Exercise details
Could you give the data that follows again exactly, without its pictures?

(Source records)
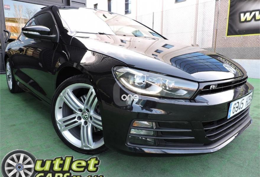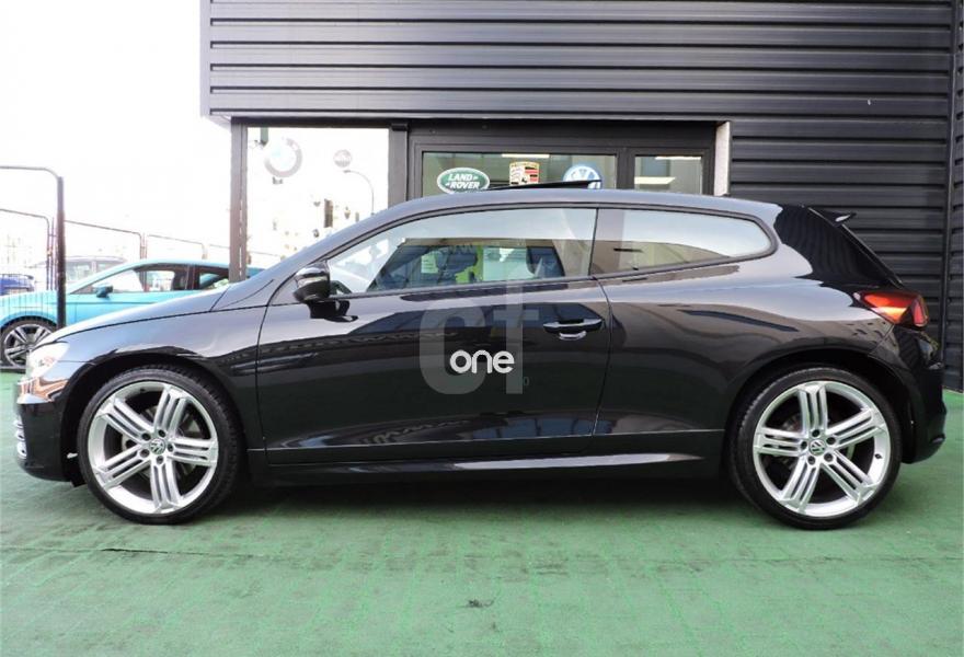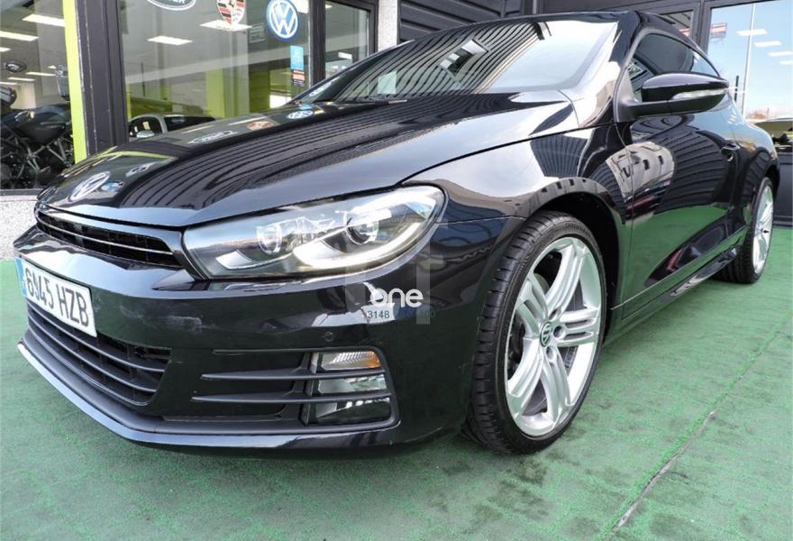VOLKSWAGEN Scirocco, Diesel, año 2014, 72000 kilómetros, color Negro metalizado, precio 19990€. Negro Profundo (efecto perla),Pintura efecto perla,Tela con microfibras "Race" R-Line Negro,Techo practicable panorámico,Detector de fatiga,Llantas de aleación "Talladega" 8J x 19" con neumáticos 235/35,Paquete R-Line Interior para DSG. VOLKSWAGEN SCIROCCO 2.0 TDI 185CV RLine BMT 3p.
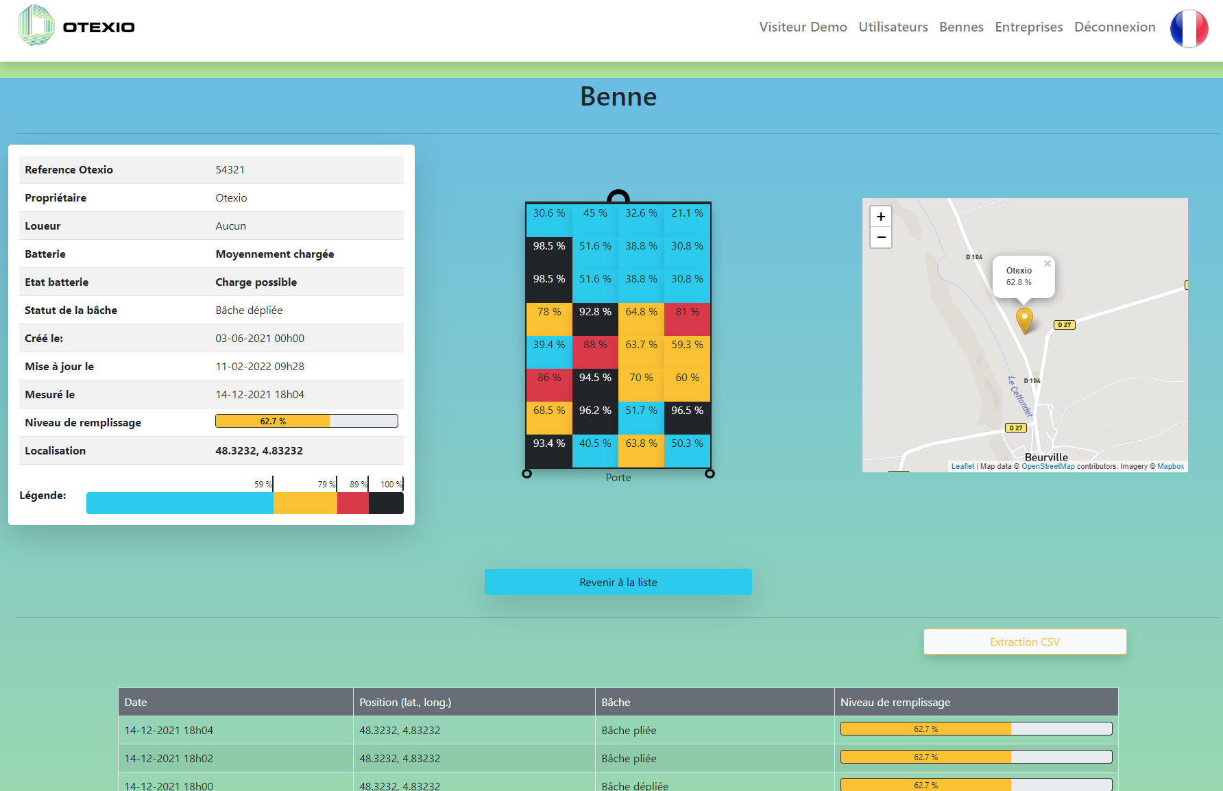 Projet : Application Web dédiée au suivi des bennes de déchets pour visualiser en temps réel le taux de remplissage des bennes ainisi que leur géo-localisation. Le serveur communique avec l'objet embarqué sur la benne via une liaison 4G.
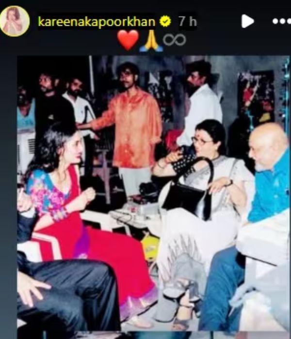 अभिनेत्री करीना कपूर ने फिल्म के सेट से एक पुरानी तस्वीर शेयर की। बता दें कि यह तस्वीर चमेली फिल्म की शूटिंग के दौरान की है। इसमें एक्ट्रेस को चमेली की लुक में देखा जा सकता है। इसमें वह प्रीतिश नंदी के साथ मुस्कुराते हुए भी नजर आ रही हैं। इस फोटो के साथ उन्होंने इंस्टाग्राम स्टोरी पर दिल और हाथ जोड़ने वाली इमोजी लगाई।
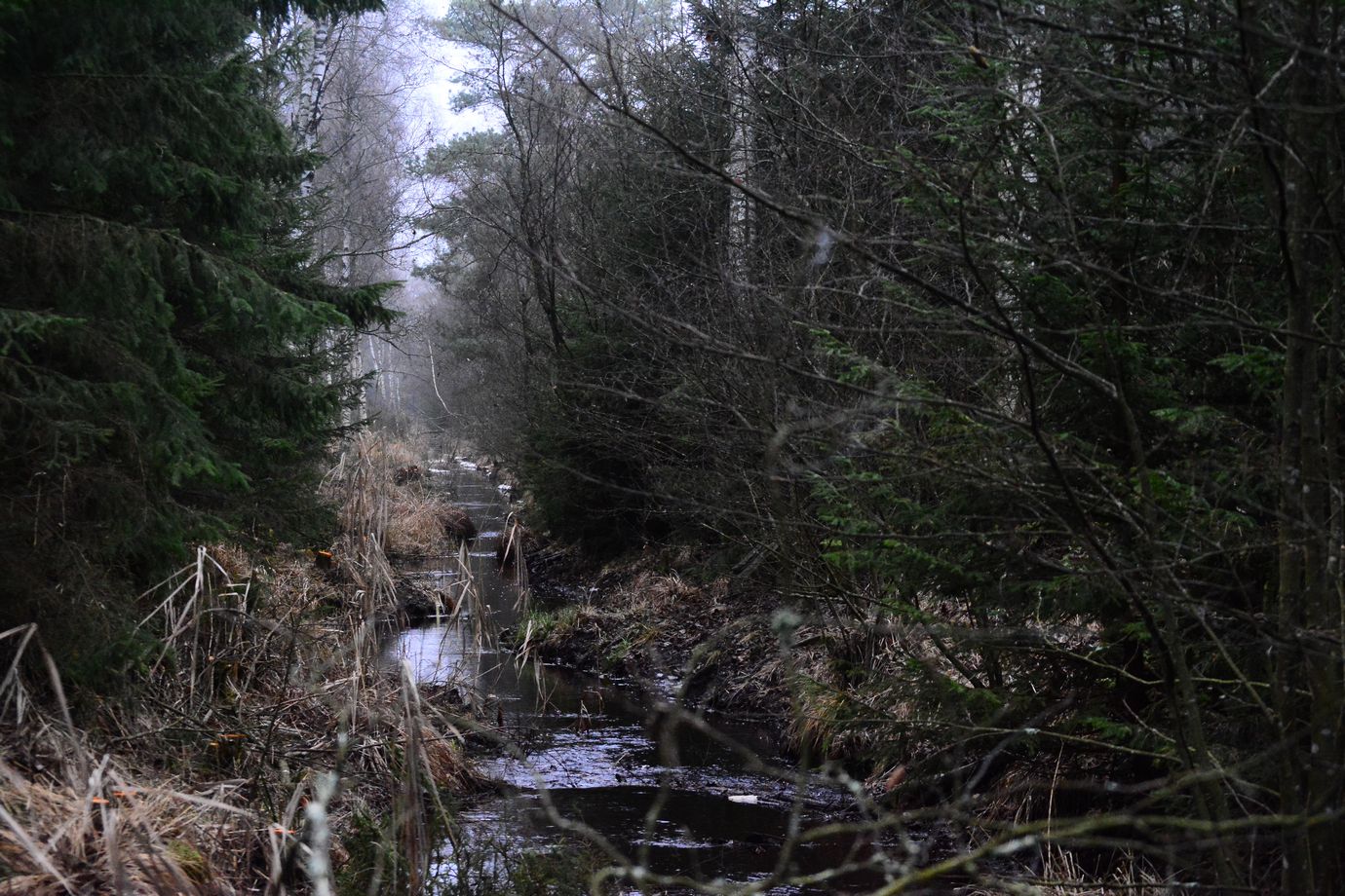 So to stay away as much as possible from the noise we walked along the creek up streams. WE didn’t pass the creek where we usually do but continued towards the bog. If we would have continued to the little lake in the bog it would have been better to walk on the other side of the creek but I had the wrong boots on, one can continue on the side we were walking on too but it’s a bit more tricky with swampy areas and small spruces.
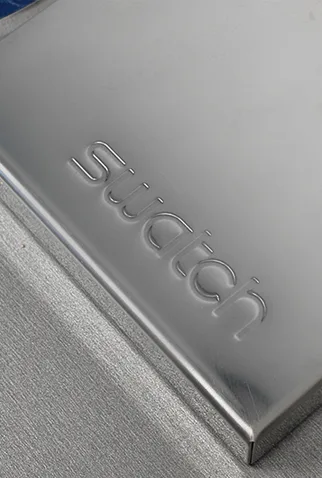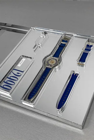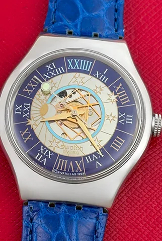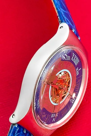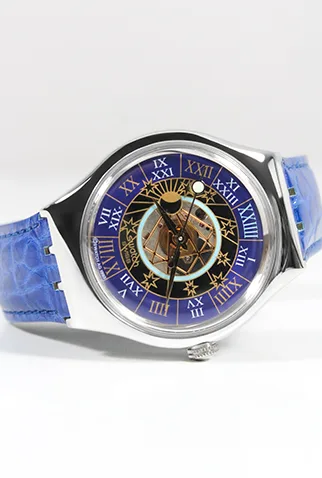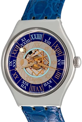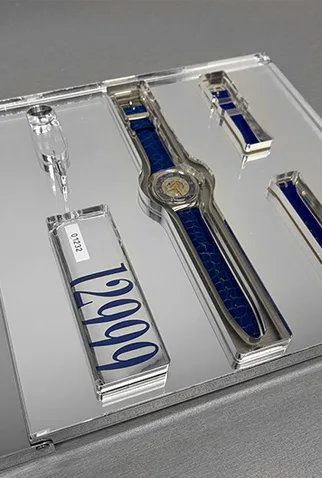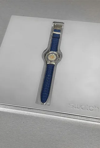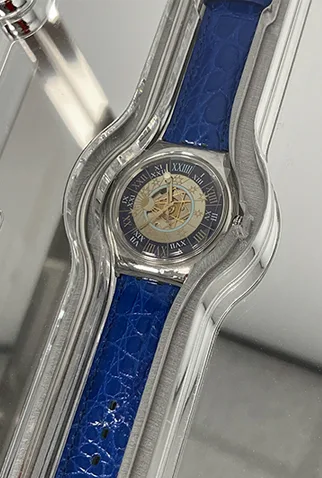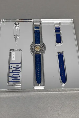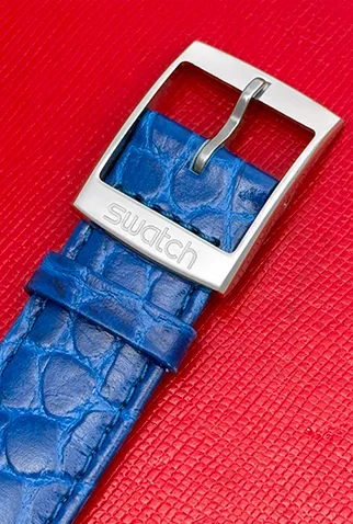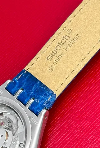 Strap: Blue alligator strap with Swatch Stainless Steel buckle. Note: extra blue plastic strap was included in special acrylic box
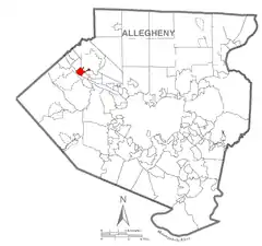 ![]() Ubicación en el condado de Allegheny ![]() Ubicación del condado en Pensilvania ![]() Ubicación de Pensilvania en EE. UU. | ||
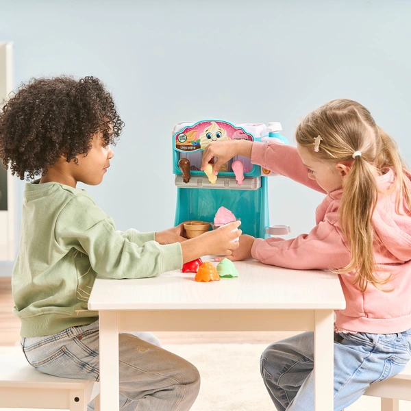 Pull the levers to release the ice cream into the cone or cup and learn ice cream colours and flavours. Toggle the topping switch to select one of four delicious toppings and to top it all off add some syrup. You choose the flavour! Suitable for young children aged two years and up wards.

Task response
VOLKSWAGEN Scirocco, Diesel, año 2014, 72000 kilómetros, color Negro metalizado, precio 19990€. Negro Profundo (efecto perla),Pintura efecto perla,Tela con microfibras "Race" R-Line Negro,Techo practicable panorámico,Detector de fatiga,Llantas de aleación "Talladega" 8J x 19" con neumáticos 235/35,Paquete R-Line Interior para DSG. VOLKSWAGEN SCIROCCO 2.0 TDI 185CV RLine BMT 3p.
 Projet : Application Web dédiée au suivi des bennes de déchets pour visualiser en temps réel le taux de remplissage des bennes ainisi que leur géo-localisation. Le serveur communique avec l'objet embarqué sur la benne via une liaison 4G.
 अभिनेत्री करीना कपूर ने फिल्म के सेट से एक पुरानी तस्वीर शेयर की। बता दें कि यह तस्वीर चमेली फिल्म की शूटिंग के दौरान की है। इसमें एक्ट्रेस को चमेली की लुक में देखा जा सकता है। इसमें वह प्रीतिश नंदी के साथ मुस्कुराते हुए भी नजर आ रही हैं। इस फोटो के साथ उन्होंने इंस्टाग्राम स्टोरी पर दिल और हाथ जोड़ने वाली इमोजी लगाई।
 So to stay away as much as possible from the noise we walked along the creek up streams. WE didn’t pass the creek where we usually do but continued towards the bog. If we would have continued to the little lake in the bog it would have been better to walk on the other side of the creek but I had the wrong boots on, one can continue on the side we were walking on too but it’s a bit more tricky with swampy areas and small spruces.
 Strap: Blue alligator strap with Swatch Stainless Steel buckle. Note: extra blue plastic strap was included in special acrylic box
 ![]() Ubicación en el condado de Allegheny ![]() Ubicación del condado en Pensilvania ![]() Ubicación de Pensilvania en EE. UU. | ||
 Pull the levers to release the ice cream into the cone or cup and learn ice cream colours and flavours. Toggle the topping switch to select one of four delicious toppings and to top it all off add some syrup. You choose the flavour! Suitable for young children aged two years and up wards.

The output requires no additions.